1. Enter your message in the appropriate format. Use text mode for readable strings and hex mode for exact byte-level control.
2. Verify the parameters. For standard Dallas/Maxim work, keep poly at 0x31, init at 0x00, refin/refout true, and xorout 0x00.
3. Press calculate and inspect the displayed hex, decimal, and binary outputs.
4. Review the byte preview so you know exactly which bytes were processed.
5. Use the running CRC chart to compare intermediate states when troubleshooting with firmware or hardware logs.

Common Pitfalls

• Mixing text and hex interpretations. The characters “31 32 33” are not the same as the bytes 0x31, 0x32, 0x33 unless you intend them to be.
• Forgetting reflection. Dallas/Maxim is commonly reflected. Turning that off changes the algorithm.
• Using the wrong polynomial representation. Some references list reflected or reciprocal forms. Make sure you know whether a document expects the normal polynomial or the reflected one in code.
• Appending the CRC in the wrong byte order or position. On an 8-bit CRC this is simpler than wider CRCs, but framing still matters.
• Comparing against a different protocol profile. “CRC-8” by itself is not enough detail.

Where CRC-8 Dallas/Maxim Fits Best

This CRC is ideal where messages are short, overhead must stay tiny, and implementations need to be easy to audit. Typical examples include serial numbers, ROM code verification, compact command packets, low-power bus traffic, and small sensor payloads. It is less attractive when packets grow longer or when the cost of a missed error becomes severe. In those scenarios, a 16-bit or 32-bit CRC generally provides a better margin.

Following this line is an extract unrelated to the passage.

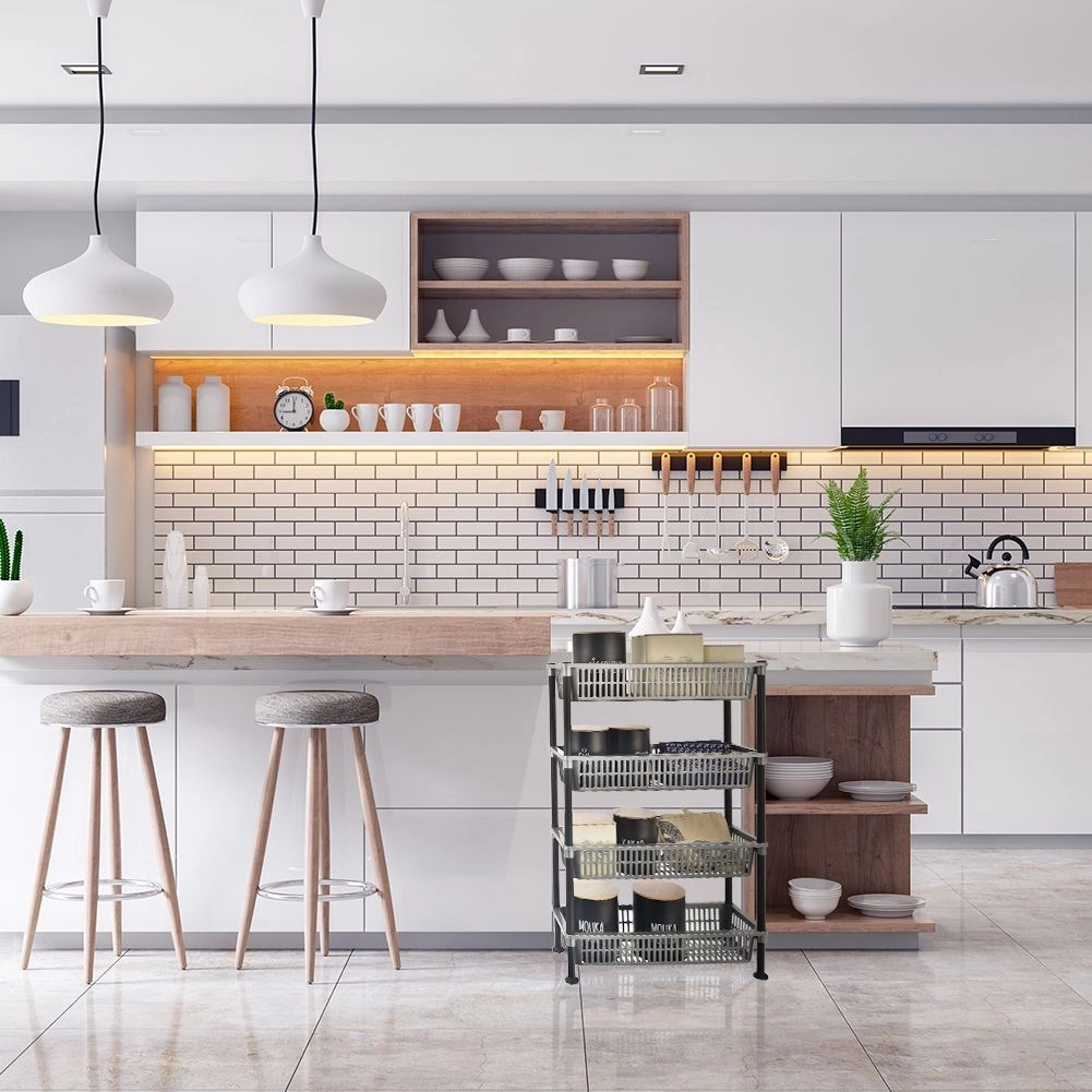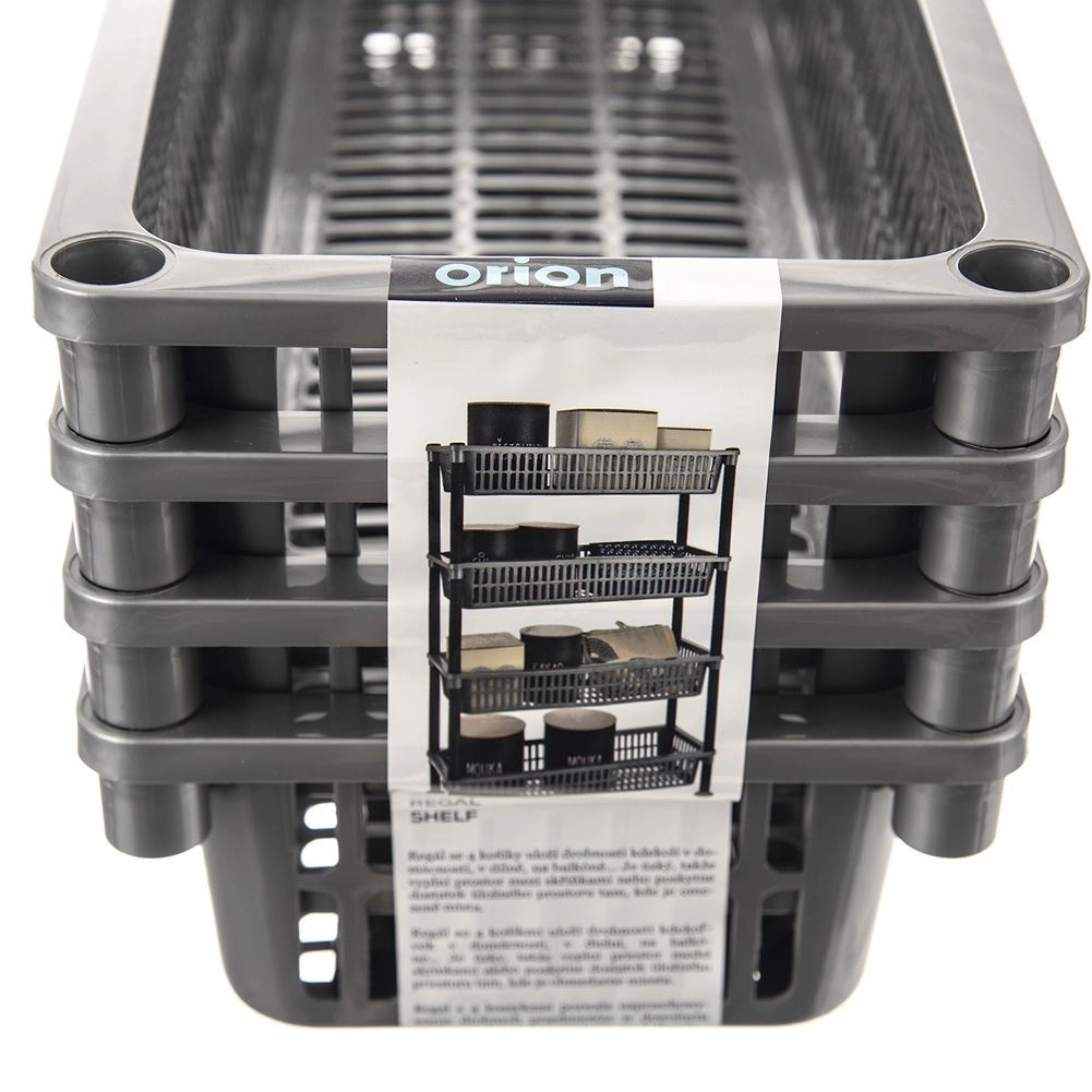 Praktický a úzky 4-poschodový regál z odolného plastu ponúka maximálny úložný priestor aj v malej kúpeľni či kuchyni. Štyri vetrané košíky v sivej farbe a čierna konštrukcia zabezpečujú ľahkú údržbu, odolnosť voči vlhkosti a jednoduché zostavenie. Skvelý do kúpeľne, kuchyne, predsiene, na balkón aj do dielne.

Even so, CRC-8 Dallas/Maxim remains relevant because embedded development is full of narrow buses, battery-powered devices, and low-cost microcontrollers. A one-byte CRC that is standardized, well-known, and easy to validate with the canonical test string continues to be useful. The trick is disciplined implementation. Engineers should document the exact parameter set in protocol specifications, include at least one worked example, and test both transmit and receive paths using known vectors.

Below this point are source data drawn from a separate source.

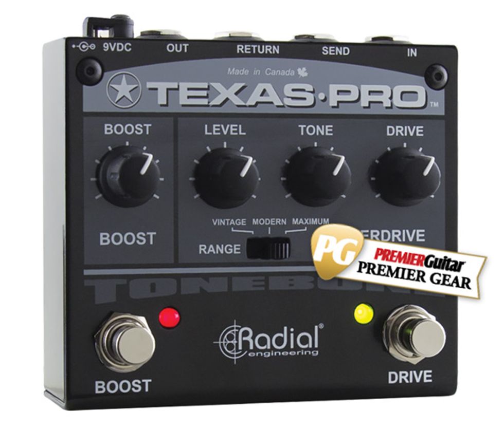 Like Radial’s DIs, the Canada-built Texas Pro is ridiculously robust: heavy gauge steel, smooth, precise, and sensitive controls with perfect resistance, a smart effects loop, and switches and jacks that seem impervious to wear. The layout, too, is simple and sensible, with streamlined control sets for the boost and overdrive arrayed across the compact 4 1/2" enclosure.
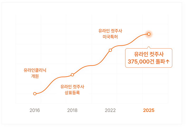 내원하신 고객님들의 375,000번의 선택.그 선택이 만든 변화의 순간, 유라인 컷주사가 함께했습니다.
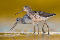 Twee Groenpootruiters (Tringa nebularia) in ondiep water.
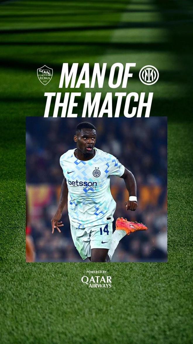 国米官方:博尼当选与罗马一役队内最佳球员
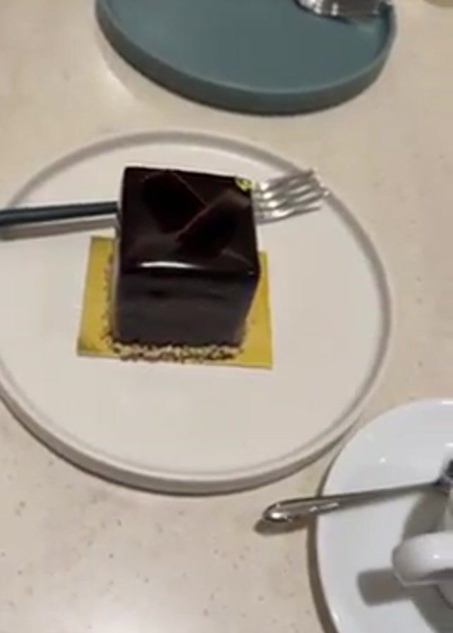 A top-down view shows a table with a square chocolate cake on a white plate, a fork, and a small white cup of coffee with a heart design in the foam. To the upper left, there is a small blue plate with a knife and fork on it. A cell phone is visible to the upper right of that blue plate. The table is a light speckled color. The camera circles slightly.
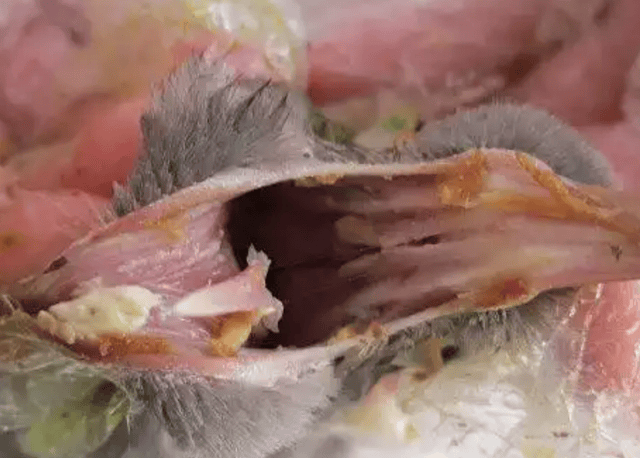 2.曲霉菌病(优先排序 2) 关键症状:无流鼻涕,迅速消瘦;环境可能有霉味 剖检特征:肺部有结节。防治方案:冠军小鸟均安+念滴安。

Reference and Further Reading

If you want to go deeper into CRC theory, polynomial selection, and protocol quality, these external references are excellent starting points:

• Carnegie Mellon University CRC resources by Philip Koopman
• MIT 6.02 notes on error detection and CRC concepts
• National Institute of Standards and Technology

Final Takeaway

A CRC-8 Dallas/Maxim calculator is more than a convenience widget. It is a verification aid, an interoperability checkpoint, and a debugging accelerator. When you use it with the correct parameter set, it gives you a reliable one-byte checksum for compact messages and device data. The most important habits are simple: know your bytes, know your parameters, verify with the standard check vector, and compare intermediate states when debugging. Follow those steps and CRC mismatches become much easier to solve.